Galand, Guy, Fabienne L'horset, Yvette Longis, Christine Perret.
Laboratoire de Physiologie Animale, Facult[acute]e des Sciences,
Universit[acute]e de Reims Champagne-Ardenne, 51062 REIMS Cedex,
France, INSERM U120, H[circumflex]opital Robert Debr[acute]e, 24 Bvd
Serrurier, 75019 Paris, France.
APStracts 2:0136G, 1995.
Rabbit trehalase is a 75 kDa, GPI anchored glycoprotein of the
microvillous membrane of the enterocyte and kidney proximal tubule
epithelial cells. The purpose of this work was to try to elucidate
the molecular basis of trehalase gene expression in intestine and
kidney during normal postnatal development and after hydrocortisone
injection in suckling rabbits. Trehalase cDNA isolated, sequenced and
characterized by Ruf et al. (1990) was used to quantify trehalase
mRNA. To measure the amount of trehalase mRNA encoding for trehalase,
poly-A mRNA was isolated and analyzed by northern blot hybridization.

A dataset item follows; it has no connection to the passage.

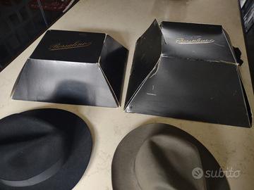 due cappelli Borsalino uomo, grigio e nero taglia 58 con scatole originali . prezzo 75€ ciascuno

This cDNA hybridized to a 1.8 kilobase mRNA in the small intestine
and kidney. In developing rabbit intestine, after a slow decrease
between 4 and 10 days, there is a sharp and parallel rise of both
trehalase specific activity (x 28) and mRNA (x 10) between 10 and 30
days after birth. In contrast, in kidney between 4 and 30 days the
general developmental profile of both parameter is very different.
There is an overall significant and parallel increase of both
trehalase specific activity (x 3.3) and mRNA (x 4.3). In intestine
the longitudinal gradient of trehalase activity and mRNA expression
is different in adult and 16 days cortisol treated suckling rabbits.
Received 6 September 1994; accepted in final form 17 June 1995.
APS Manuscript Number G335-4.
Article publication pending Am. J. Physiol. (Gastrointest. Liver
Physiology).
ISSN 1080-4757 Copyright 1995 The American Physiological Society.
Published in APStracts on 18 July 1995.